I have only a few pounds to lose, if any, but mainly just feel soft and weak. Want to get my metabolism going and firm up and sculpt some muscle. If it matters, I might be going on a cruise in three months, so I'm trying to figure out what kind of rotation to do to get faster results.

Thanks for any advice,
Melissa
 
I don't really do rotations so I can't help you with that, but
Cardio & Weights is what I usually do when I'm getting back into it after a lapse. I'm not really that big a fan of circuits, but for some reason, there is just enough fun in this workout to get me going again!

Good luck, Melissa!
 
Hey Melissa:

I made the mistake back in September of thinking that just because I had once been very strong using S&H, I could start back after along break straight into S&H again. Oh boy! I did one set os chest bench presses and my muscles rebelled. It was terrible! I had zero strength, what a humiliating and humbling experience. So, spare yourself the psychological damage I went through (!), and start back with a solid, non-fancy program of 2 total body workouts per week, initially, using either ME or MM.

After a month or two, then slip into GS, PS and then into S&H and 4 DS. I would really leave the 4DS weights until later.

Cheers,

Clare
 
Thanks for the advice TeTe. I don't really do specific rotations either, but I'll stick with a certain set or type of workouts for awhile. Cardio & Weights is one of the few Cathe weight workouts I don't have, but I think that's one I should get for such a time as this...
 
Hi Clare,

Thanks for the advice! I did a Push & Pull premix of 2 sets upper body tonight (before I read your post) and my arms were shakin' when I was trying to wash my hair.
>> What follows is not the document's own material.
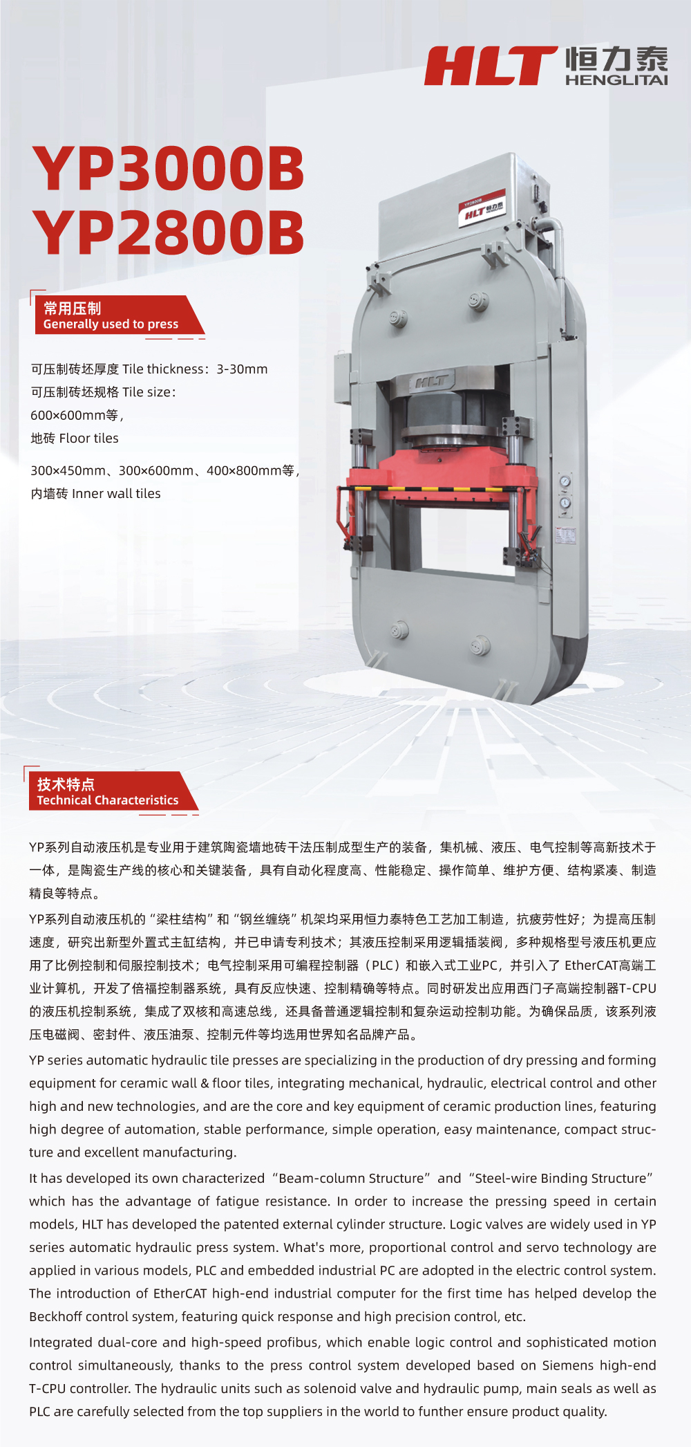 YP series automatic hydraulic tile presses are specializing in the production of dry pressing and forming equipment for ceramic wall & floor tiles, integrating mechanical, hydraulic, electrical control and other high and new technologies, and are the core and key equipment of ceramic production lines.
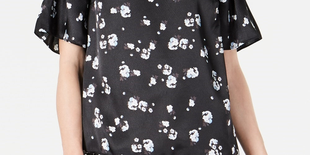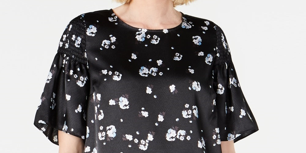 Blusa feminina Alfani com estampa floral e ombros franzidos em cetim, preta, tamanho grande

I tried to go heavy, but obviously couldn't lift the same weight as I could before. I will take your advice and do ME and MM so I don't feel discouraged, until I feel strong again. Then go into the heavier weight workouts.

It's hard to get back on track after a long break, but once I get past the first few workouts I'm usually ok.

Melissa
 
Melissa:

You sound like you have a plan. Good for you. Stick with it. Coming back after a break is hard. I have done it sooooo many times. But: this last time, I have to say I am doing so well, even after my inauspicious start back in September! I am stronger now than I have ever been before, stronger than I was when I was younger, so really, age doesn't have to make much difference at all.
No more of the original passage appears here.